Richard Kramer: Yeah, Emmanuel, I’ll just jump in and echo Christina’s points. I think we take a lot of time to go through those capital plans. And we’ve worked through a lot of cycles and I think you can count on us to adjust CapEx to the end environment we’re in. And then when we do that we really don’t shortchange ourselves, excuse me on what we see as long-term growth projects that we have to do. So we were comfortable with what we spend. And I would just tell you, even if you see things like things that we did at CES around intelligent tire and around sustainable tire. There are projects, growth projects, industry leading sort of technological projects that we’re going to continue to move forward within the capacity of the spend that we have. And we feel comfortable of knowing how to do that.
Emmanuel Rosner: Okay. Yeah, I appreciate the color. And then just very finally, I guess, since you’re mentioning the environment, can you maybe just provide a little bit your perspective on some of the drivers of this market, demand weakness that seems to be across every region, every major region, I guess. What is driving this? How will you see that potentially evolve through 2023 on the demand side? And then any implications for how to think about pricing?
Richard Kramer: Yeah, I think a lot there. Maybe I’ll just start with the Americas. We did see a weaker market in the fourth quarter and we see a little bit of slowdown coming into Q1. We reacted not only to the Americas, but Europe as well, as you saw on our Investor Letter by taking production down with that focus on making sure we don’t have excess inventory, a bit of a slowing market, and to focus on cash as Christina went through. But as Emmanuel, as I think about the Americas going forward, you also saw in our letter, we saw that our channel inventories are up about 10%. But what I would tell you is that’s pretty healthy. I mean our distributors are really rebuilding their inventory, we didn’t see any buy ahead, so I’d say in anticipation of any price reductions or anything like that.
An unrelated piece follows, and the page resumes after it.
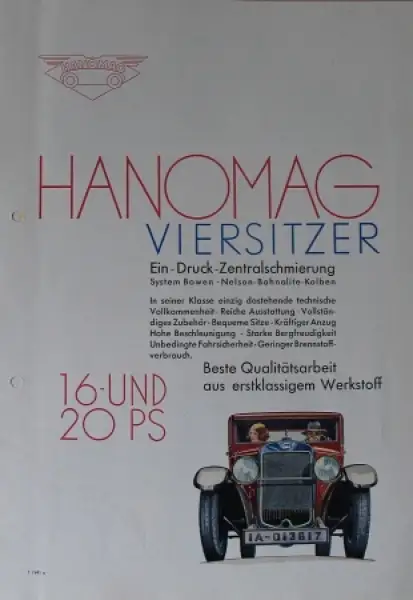 Hanomag Modellprogramm 1931 Viersitzer Automobilprospekt (3815)
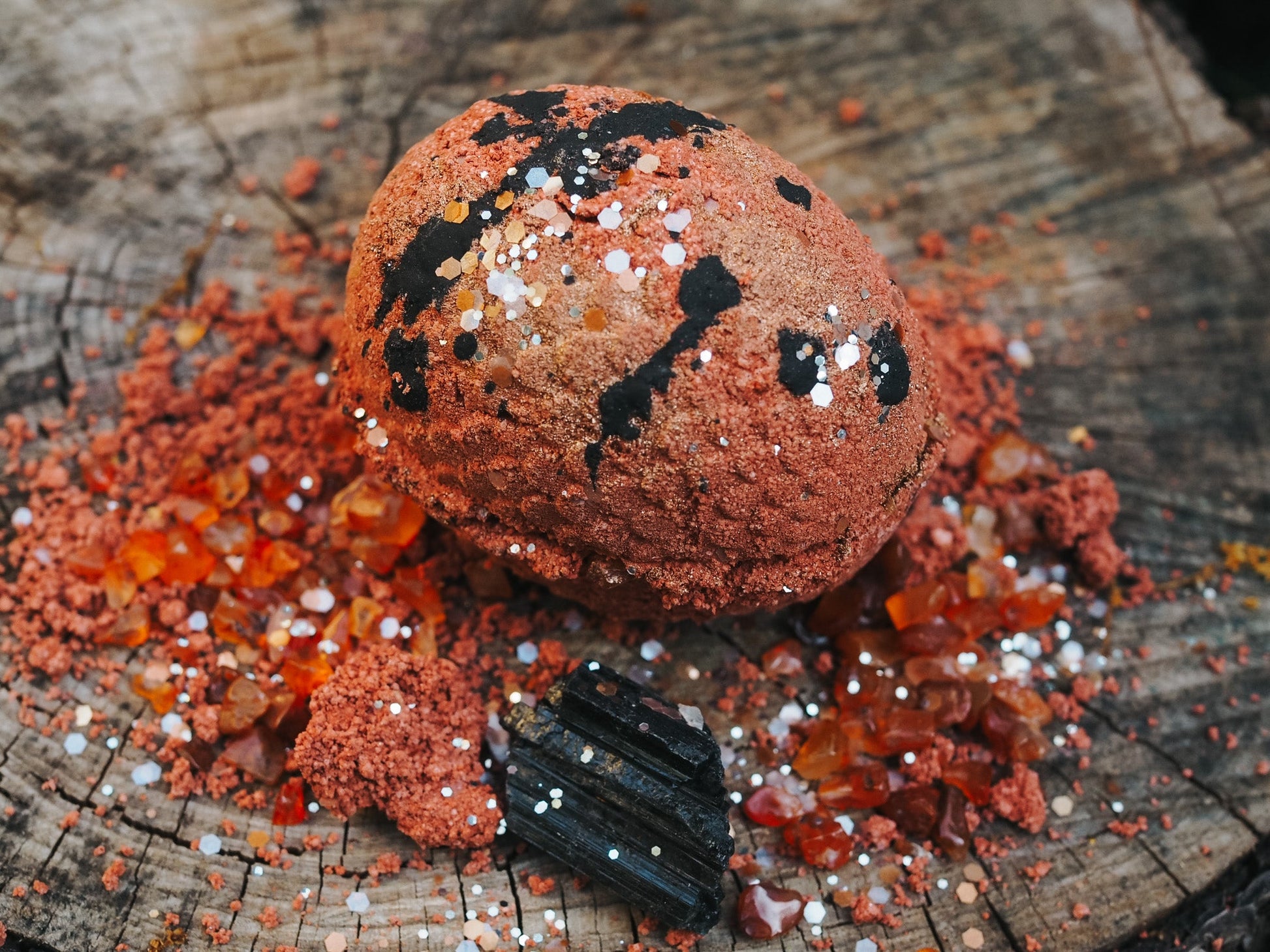 Inside is a rough Black Tourmaline, believed to have spiritual properties that protect against negative energy sprinkled with Carnelian chips to motivate and ground.

It’s a pretty healthy place and I would say in-line with the expectations of where the market is going in ’23. So we feel pretty good about North America. A little slow to start, but I think we have a stronger second half coming, a little slow to start, because we’re bringing some of those costs on the balance sheet of unobserved inventory into the first quarter as well. But we feel pretty good about the demand. Picture, sell out was about flat in the fourth quarter, and year-over-year in the fourth quarter. And we don’t see any big changes going into the year. Europe, I think, a little bit different story. Obviously, a bit tougher there. I would take a step back and say we feel really good about the initiatives, we’ve put in place in Europe.
Aligned distribution is working. In the quarter, we got volume, we got price mix ahead of raw materials, again, and we had share gains in a down market across the board for I think the 11th or 12th quarter in a row. So, things are working in Europe. We also as you know, took a lot of actions there to get our costs in line. I would say we feel really good about those things. But obviously, in Europe, we’ve seen big energy inflation in Q4 driven by the war. And we saw in anticipation of these high energy costs, really sort of the reduced consumer demand out there, as we saw really weak markets in the consumer replacement business, particularly in November and December, where we saw a consumer base thinking about big energy bills, and the channel sort of slowing down on wanting to buy more inventory.